Work order: Could you please retype the records exactly, minus their pictures?

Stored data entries

------------------------------------------------------------

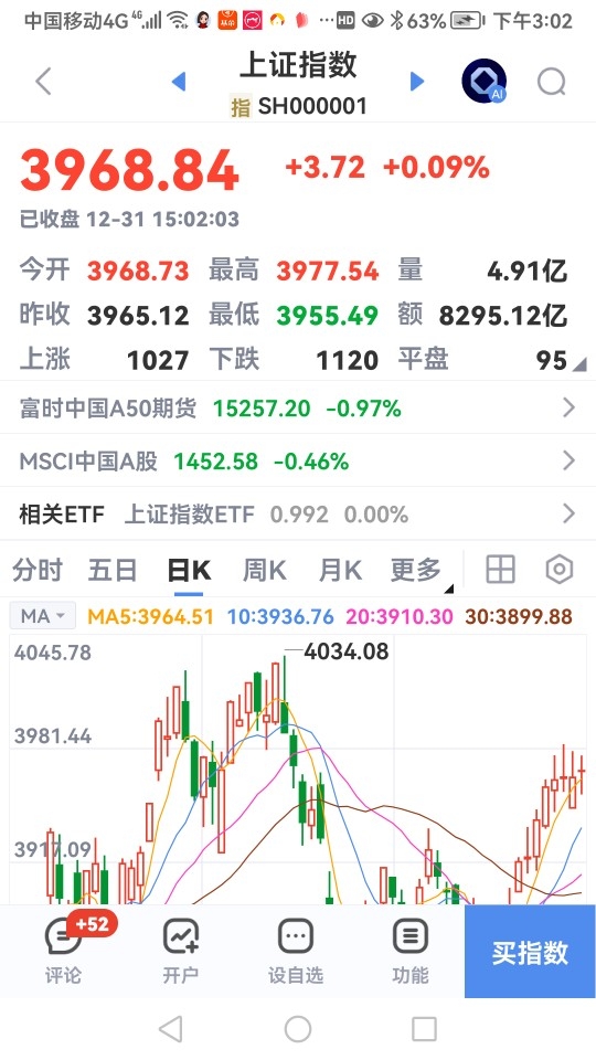 截至2025年最后一个交易日(12月31日)收盘,上证指数收涨,为全年交易画上句号。在12月29日,我已对部分基金持仓进行了阶段性赎回操作。目前投资组合中现金占比约为53%,权益类资产占比约47%,资产结构已调整为以防御为主、兼具弹性的配置状态,为下一年度的市场布局做好准备。
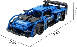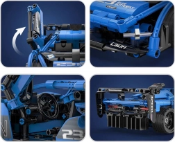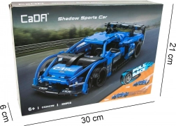 Build your own Shadow sports car from CADA with 380 pieces. The model features a pull-back drive, rubber tires for driving on various surfaces, and moving elements including a spoiler, steering wheel, and opening doors. The blue body with black details will delight both young and adult fans of building sets and cars.
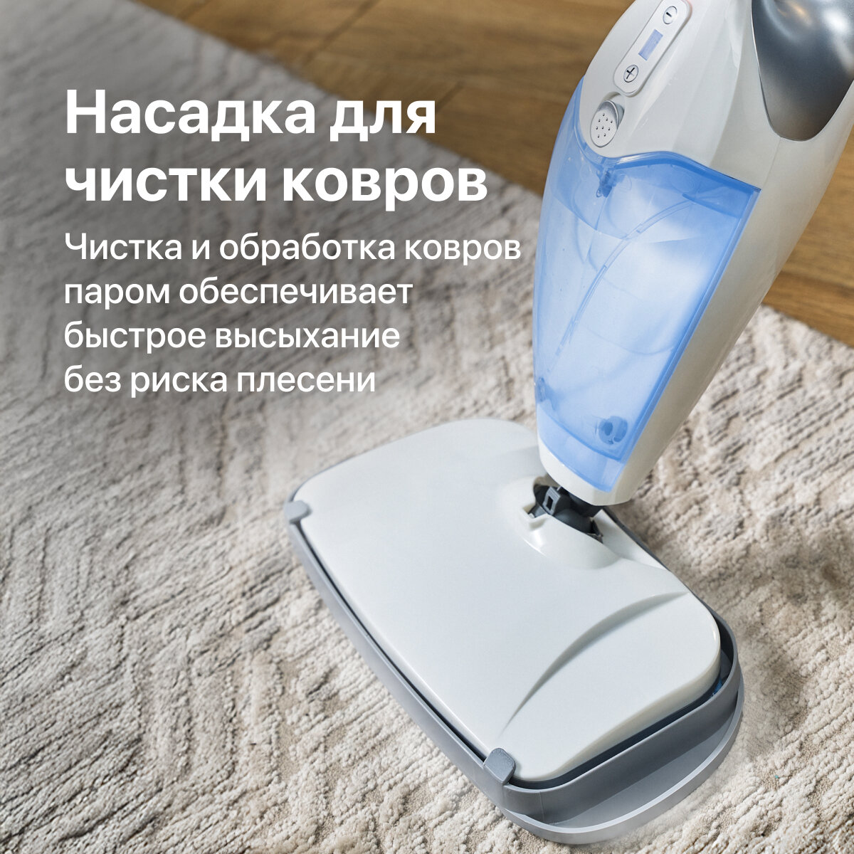 Температура пара достигает 149 градусов, что позволяет эффективно удалять пятна и грязь с любых поверхностей. Благодаря регулировке длины телескопической трубы и возможности использовать швабру в ручном режиме, уборка становится еще более удобной и эффективной.
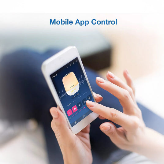 Control all of the V-Hush Lite’s features with ease through the subscription-free app. Adjust sounds, change the night light colour, manage personal recordings, control the projection, and set nap or alarm timers, all from your smartphone—without disrupting your child’s sleep. -
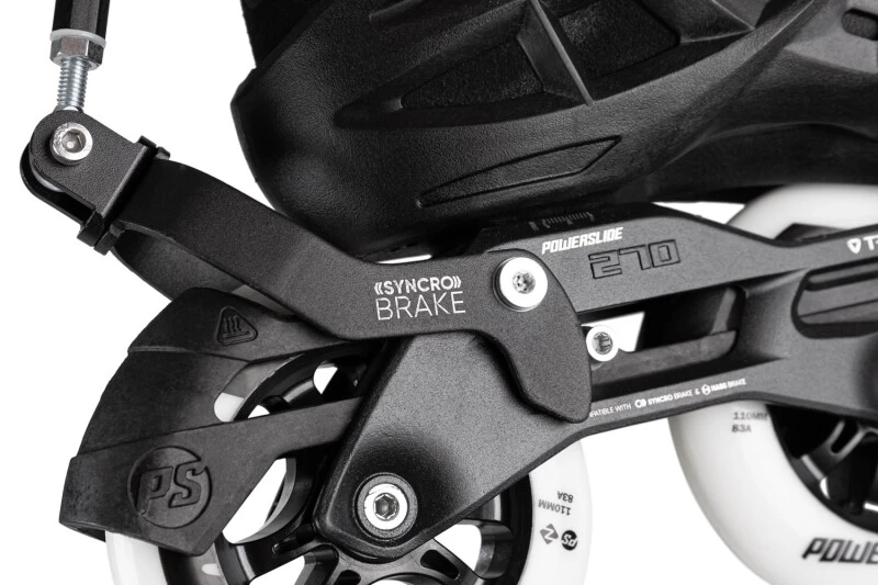 Der Zusatz SYNCRO deutet auf die Besonderheit dieses Powerslide Phuzion Argon Modells hin. Hinter der Bezeichnung steckt das neue Bremssystem von Powerslide, das das Bremsen nicht nur einfacher, sondern auch sicherer und effektiver macht. Einfacher, weil man den Fuß nicht anheben muss um zu bremsen – was gleichzeitig die Sicherheit erhöht. Und effektiver weil die Rollen gebremst werden – alle gleichzeitig. Realisiert wird dies durch den Bremsarm am Schaft der Skates. Schiebst du deinen Fuß nach vorne, drückt dein Beim den Schaft nach unten und der Arm lenkt die Kraft auf die Bremse, indem diese auf die Rollen geschoben wird. Gut dosierbar und vor allem super sicher, denn alle Rollen bleiben beim Bremsvorgang auf der Straße.
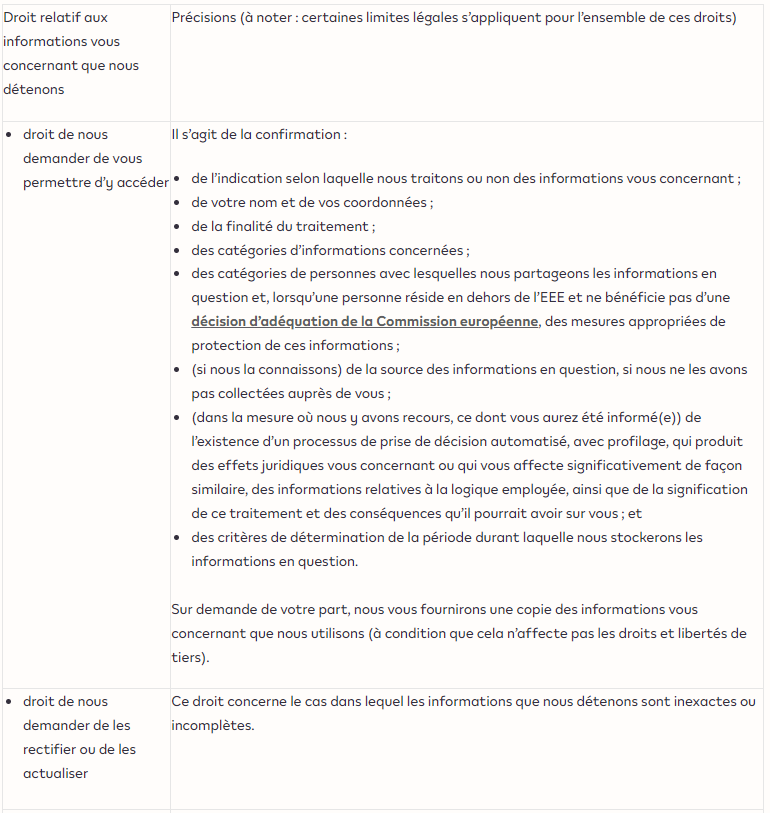 Les droits dont vous bénéficiez dépendent des lois en vigueur dans votre pays. Si vous résidez dans l’Espace économique européen, vous bénéficiez des droits indiqués dans le tableau ci-dessous. Si vous résidez en dehors de cet Espace, vous pouvez prendre contact avec nous (voir le paragraphe intitulé « à qui adresser vos questions ? » figurant à la fin de la présente politique) pour en savoir plus.
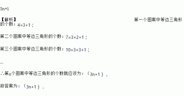 如图,第(1)个图案中有4个等边三角形,第(2)个图案中有7个等边三角形,第(3)个图案中有10个等边三角形,……,以此规律,第n个图案中有____________个等边三角形(用含n的代数式表示).
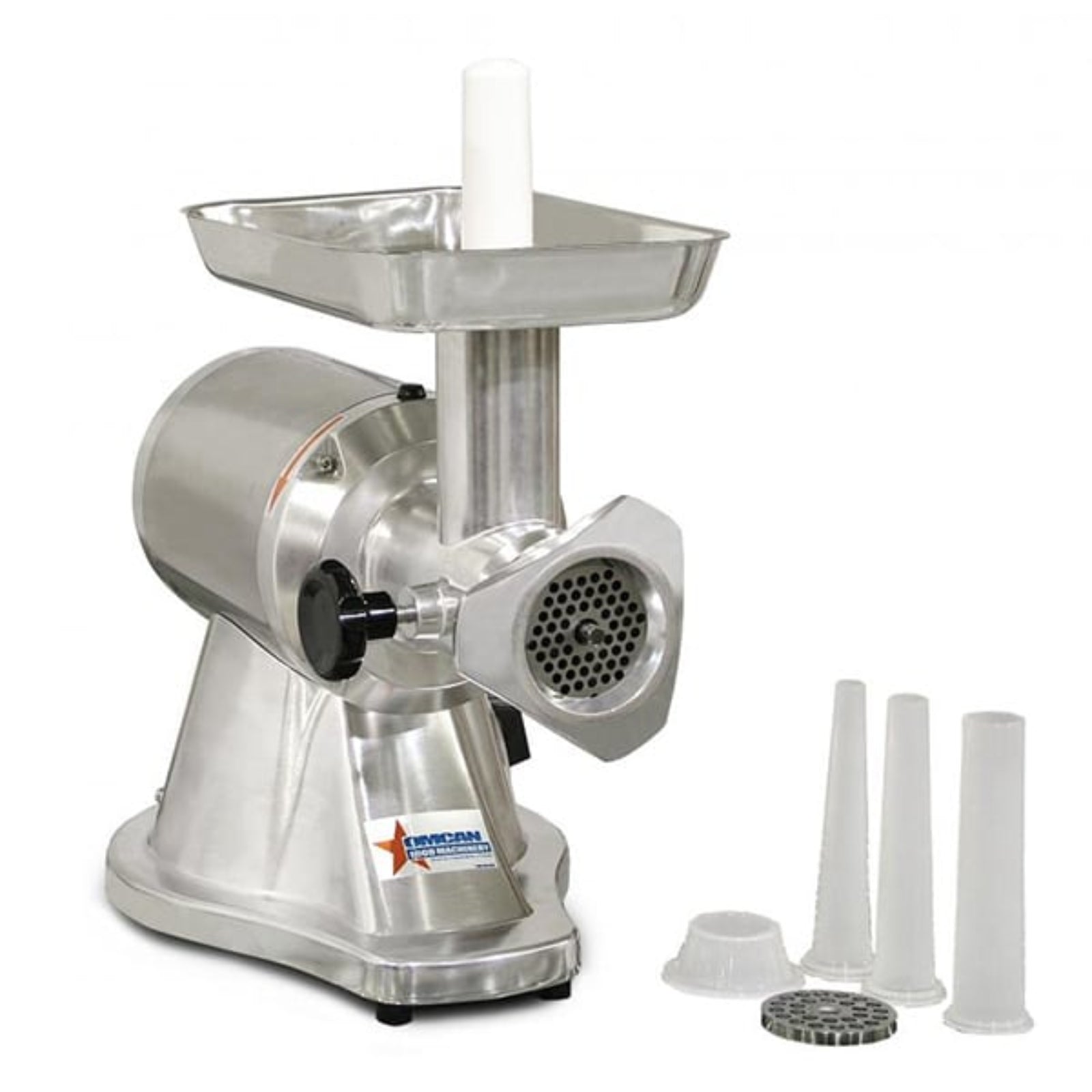 Equipped with (3) additional spouts, an extra #12 machine plate, and a handy stomper, this grinder provides exceptional value and versatility. With 110v/60/1-ph compatibility and consuming only 8.0 amps, this grinder offers both power and energy efficiency, making your meat processing tasks a breeze.

------------------------------------------------------------

Task solution:
 截至2025年最后一个交易日(12月31日)收盘,上证指数收涨,为全年交易画上句号。在12月29日,我已对部分基金持仓进行了阶段性赎回操作。目前投资组合中现金占比约为53%,权益类资产占比约47%,资产结构已调整为以防御为主、兼具弹性的配置状态,为下一年度的市场布局做好准备。
 Build your own Shadow sports car from CADA with 380 pieces. The model features a pull-back drive, rubber tires for driving on various surfaces, and moving elements including a spoiler, steering wheel, and opening doors. The blue body with black details will delight both young and adult fans of building sets and cars.
 Температура пара достигает 149 градусов, что позволяет эффективно удалять пятна и грязь с любых поверхностей. Благодаря регулировке длины телескопической трубы и возможности использовать швабру в ручном режиме, уборка становится еще более удобной и эффективной.
 Control all of the V-Hush Lite’s features with ease through the subscription-free app. Adjust sounds, change the night light colour, manage personal recordings, control the projection, and set nap or alarm timers, all from your smartphone—without disrupting your child’s sleep. -
 Der Zusatz SYNCRO deutet auf die Besonderheit dieses Powerslide Phuzion Argon Modells hin. Hinter der Bezeichnung steckt das neue Bremssystem von Powerslide, das das Bremsen nicht nur einfacher, sondern auch sicherer und effektiver macht. Einfacher, weil man den Fuß nicht anheben muss um zu bremsen – was gleichzeitig die Sicherheit erhöht. Und effektiver weil die Rollen gebremst werden – alle gleichzeitig. Realisiert wird dies durch den Bremsarm am Schaft der Skates. Schiebst du deinen Fuß nach vorne, drückt dein Beim den Schaft nach unten und der Arm lenkt die Kraft auf die Bremse, indem diese auf die Rollen geschoben wird. Gut dosierbar und vor allem super sicher, denn alle Rollen bleiben beim Bremsvorgang auf der Straße.
 Les droits dont vous bénéficiez dépendent des lois en vigueur dans votre pays. Si vous résidez dans l’Espace économique européen, vous bénéficiez des droits indiqués dans le tableau ci-dessous. Si vous résidez en dehors de cet Espace, vous pouvez prendre contact avec nous (voir le paragraphe intitulé « à qui adresser vos questions ? » figurant à la fin de la présente politique) pour en savoir plus.
 如图,第(1)个图案中有4个等边三角形,第(2)个图案中有7个等边三角形,第(3)个图案中有10个等边三角形,……,以此规律,第n个图案中有____________个等边三角形(用含n的代数式表示).
 Equipped with (3) additional spouts, an extra #12 machine plate, and a handy stomper, this grinder provides exceptional value and versatility. With 110v/60/1-ph compatibility and consuming only 8.0 amps, this grinder offers both power and energy efficiency, making your meat processing tasks a breeze.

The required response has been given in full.